▸ Activity
Your task is to give the listing below back word for word, pictures excluded.

Given records START

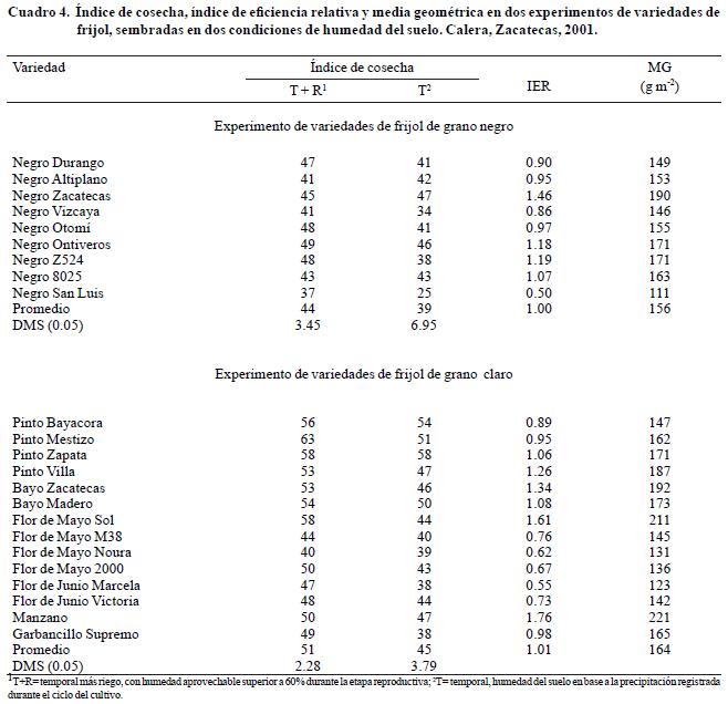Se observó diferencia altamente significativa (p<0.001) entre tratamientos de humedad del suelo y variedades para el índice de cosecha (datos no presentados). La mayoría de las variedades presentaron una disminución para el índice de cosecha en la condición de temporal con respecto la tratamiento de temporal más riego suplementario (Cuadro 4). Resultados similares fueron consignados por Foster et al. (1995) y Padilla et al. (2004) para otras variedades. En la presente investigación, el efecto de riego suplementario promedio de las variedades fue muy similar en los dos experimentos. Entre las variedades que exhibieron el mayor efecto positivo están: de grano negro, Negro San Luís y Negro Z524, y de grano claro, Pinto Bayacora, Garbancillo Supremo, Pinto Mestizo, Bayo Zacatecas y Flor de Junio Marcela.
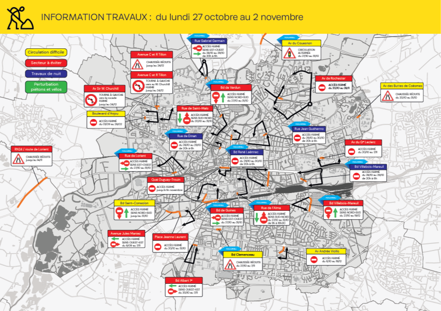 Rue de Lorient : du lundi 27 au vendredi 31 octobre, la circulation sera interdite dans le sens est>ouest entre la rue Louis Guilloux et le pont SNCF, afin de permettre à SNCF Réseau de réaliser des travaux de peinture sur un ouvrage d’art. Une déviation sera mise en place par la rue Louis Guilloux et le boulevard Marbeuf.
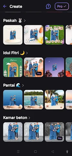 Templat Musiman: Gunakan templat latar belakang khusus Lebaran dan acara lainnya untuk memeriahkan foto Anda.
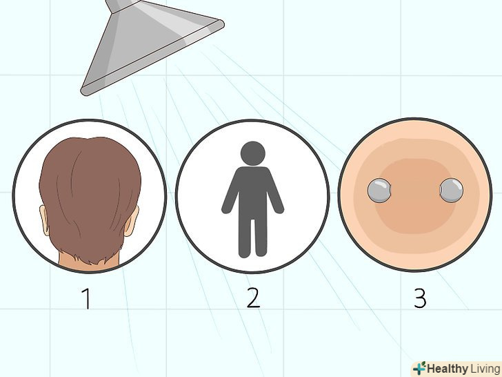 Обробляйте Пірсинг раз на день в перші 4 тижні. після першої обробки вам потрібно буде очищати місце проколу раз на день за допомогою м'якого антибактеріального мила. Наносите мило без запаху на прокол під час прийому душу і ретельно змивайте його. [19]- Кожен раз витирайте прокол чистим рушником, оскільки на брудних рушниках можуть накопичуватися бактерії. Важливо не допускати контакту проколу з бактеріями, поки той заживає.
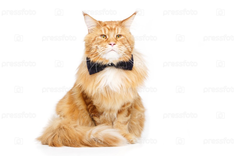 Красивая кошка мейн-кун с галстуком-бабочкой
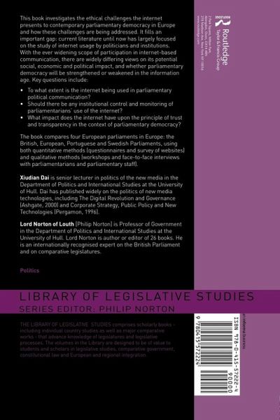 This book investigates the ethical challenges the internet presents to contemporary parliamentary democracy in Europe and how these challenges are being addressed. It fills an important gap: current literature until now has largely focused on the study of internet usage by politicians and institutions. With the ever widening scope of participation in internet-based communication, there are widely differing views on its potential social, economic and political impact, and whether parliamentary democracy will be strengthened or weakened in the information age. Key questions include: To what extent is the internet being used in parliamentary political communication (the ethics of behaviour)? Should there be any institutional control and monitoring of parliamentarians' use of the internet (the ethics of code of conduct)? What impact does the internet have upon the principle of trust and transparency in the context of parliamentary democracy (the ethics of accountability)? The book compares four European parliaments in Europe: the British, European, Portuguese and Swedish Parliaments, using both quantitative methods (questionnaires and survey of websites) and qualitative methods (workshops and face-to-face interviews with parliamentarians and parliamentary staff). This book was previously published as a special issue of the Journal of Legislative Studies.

Given records END

▸ Response to this task
Se observó diferencia altamente significativa (p<0.001) entre tratamientos de humedad del suelo y variedades para el índice de cosecha (datos no presentados). La mayoría de las variedades presentaron una disminución para el índice de cosecha en la condición de temporal con respecto la tratamiento de temporal más riego suplementario (Cuadro 4). Resultados similares fueron consignados por Foster et al. (1995) y Padilla et al. (2004) para otras variedades. En la presente investigación, el efecto de riego suplementario promedio de las variedades fue muy similar en los dos experimentos. Entre las variedades que exhibieron el mayor efecto positivo están: de grano negro, Negro San Luís y Negro Z524, y de grano claro, Pinto Bayacora, Garbancillo Supremo, Pinto Mestizo, Bayo Zacatecas y Flor de Junio Marcela.
 Rue de Lorient : du lundi 27 au vendredi 31 octobre, la circulation sera interdite dans le sens est>ouest entre la rue Louis Guilloux et le pont SNCF, afin de permettre à SNCF Réseau de réaliser des travaux de peinture sur un ouvrage d’art. Une déviation sera mise en place par la rue Louis Guilloux et le boulevard Marbeuf.
 Templat Musiman: Gunakan templat latar belakang khusus Lebaran dan acara lainnya untuk memeriahkan foto Anda.
 Обробляйте Пірсинг раз на день в перші 4 тижні. після першої обробки вам потрібно буде очищати місце проколу раз на день за допомогою м'якого антибактеріального мила. Наносите мило без запаху на прокол під час прийому душу і ретельно змивайте його. [19]- Кожен раз витирайте прокол чистим рушником, оскільки на брудних рушниках можуть накопичуватися бактерії. Важливо не допускати контакту проколу з бактеріями, поки той заживає.
 Красивая кошка мейн-кун с галстуком-бабочкой
 This book investigates the ethical challenges the internet presents to contemporary parliamentary democracy in Europe and how these challenges are being addressed. It fills an important gap: current literature until now has largely focused on the study of internet usage by politicians and institutions. With the ever widening scope of participation in internet-based communication, there are widely differing views on its potential social, economic and political impact, and whether parliamentary democracy will be strengthened or weakened in the information age. Key questions include: To what extent is the internet being used in parliamentary political communication (the ethics of behaviour)? Should there be any institutional control and monitoring of parliamentarians' use of the internet (the ethics of code of conduct)? What impact does the internet have upon the principle of trust and transparency in the context of parliamentary democracy (the ethics of accountability)? The book compares four European parliaments in Europe: the British, European, Portuguese and Swedish Parliaments, using both quantitative methods (questionnaires and survey of websites) and qualitative methods (workshops and face-to-face interviews with parliamentarians and parliamentary staff). This book was previously published as a special issue of the Journal of Legislative Studies.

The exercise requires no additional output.